Given information:

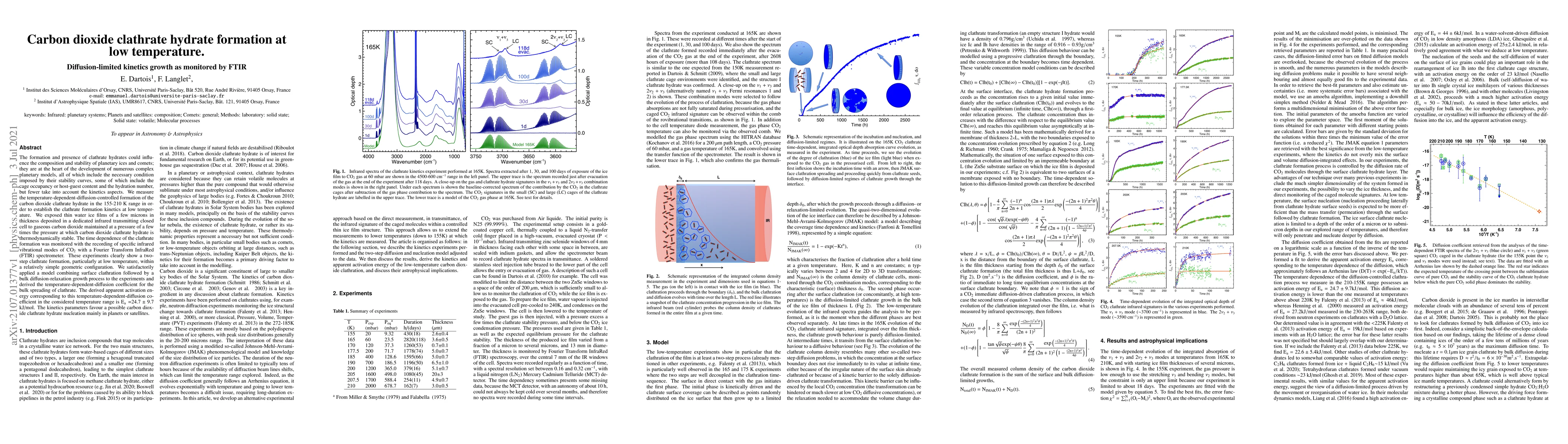 This study investigates the diffusion-limited kinetics of carbon dioxide clathrate hydrate formation at low temperatures, using FTIR spectroscopy to monitor the process. The experiments reveal a two-step formation mechanism, with derived activation energy E_a = 24.7 +/- 9.7 kJ/mol, suggesting potential nucleation in planetary environments.
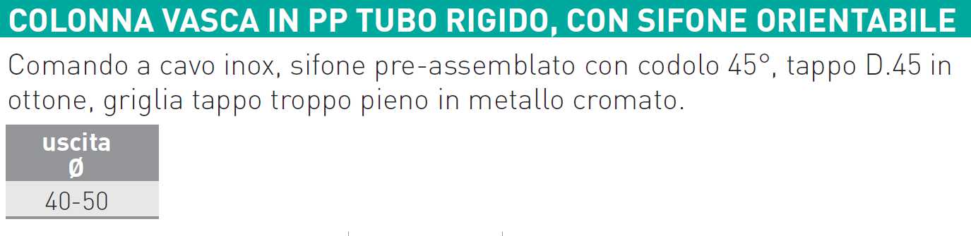 Colonna vasca in PP tubo rigido, con sifone orientabile
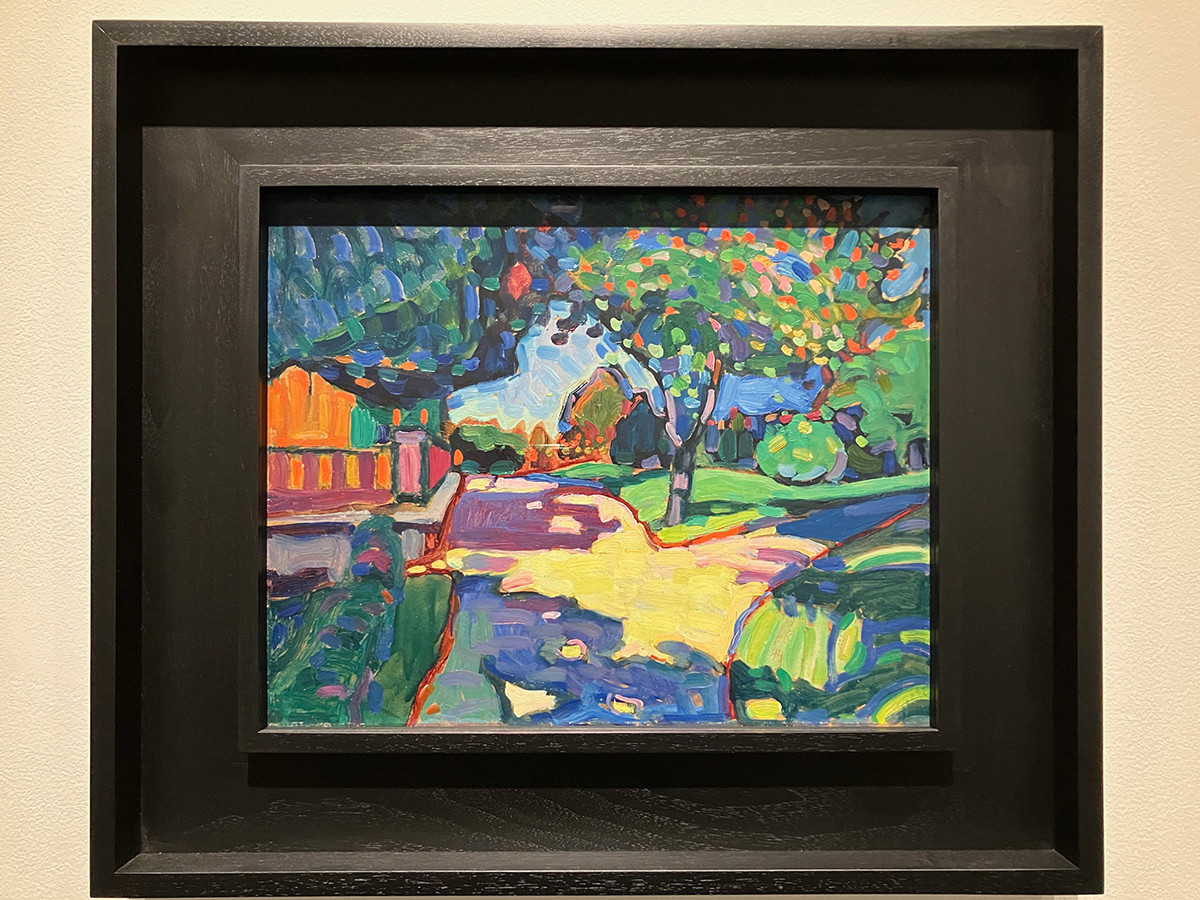 ヨーロッパを巡ったあとミュンヘンの南のムルナウと呼ばれる村で多くの作品を残したカンディンスキー。村の自然や町を様々な手法で描いているが、比較的初期の作品の一つ1908年の「3本の菩提樹」はまだ対象となる村の道や木々が具象的に描かれ、村のたたずまいがわかる作品だ。しかしその色遣いはどこかその後のカンディンスキーの抽象絵画を彷彿とさせるものを感じさせる。

What you need to do:
Where the material contains pictures, leave them out and copy the rest verbatim.

Answer to the exercise:
 This study investigates the diffusion-limited kinetics of carbon dioxide clathrate hydrate formation at low temperatures, using FTIR spectroscopy to monitor the process. The experiments reveal a two-step formation mechanism, with derived activation energy E_a = 24.7 +/- 9.7 kJ/mol, suggesting potential nucleation in planetary environments.
 Colonna vasca in PP tubo rigido, con sifone orientabile
 ヨーロッパを巡ったあとミュンヘンの南のムルナウと呼ばれる村で多くの作品を残したカンディンスキー。村の自然や町を様々な手法で描いているが、比較的初期の作品の一つ1908年の「3本の菩提樹」はまだ対象となる村の道や木々が具象的に描かれ、村のたたずまいがわかる作品だ。しかしその色遣いはどこかその後のカンディンスキーの抽象絵画を彷彿とさせるものを感じさせる。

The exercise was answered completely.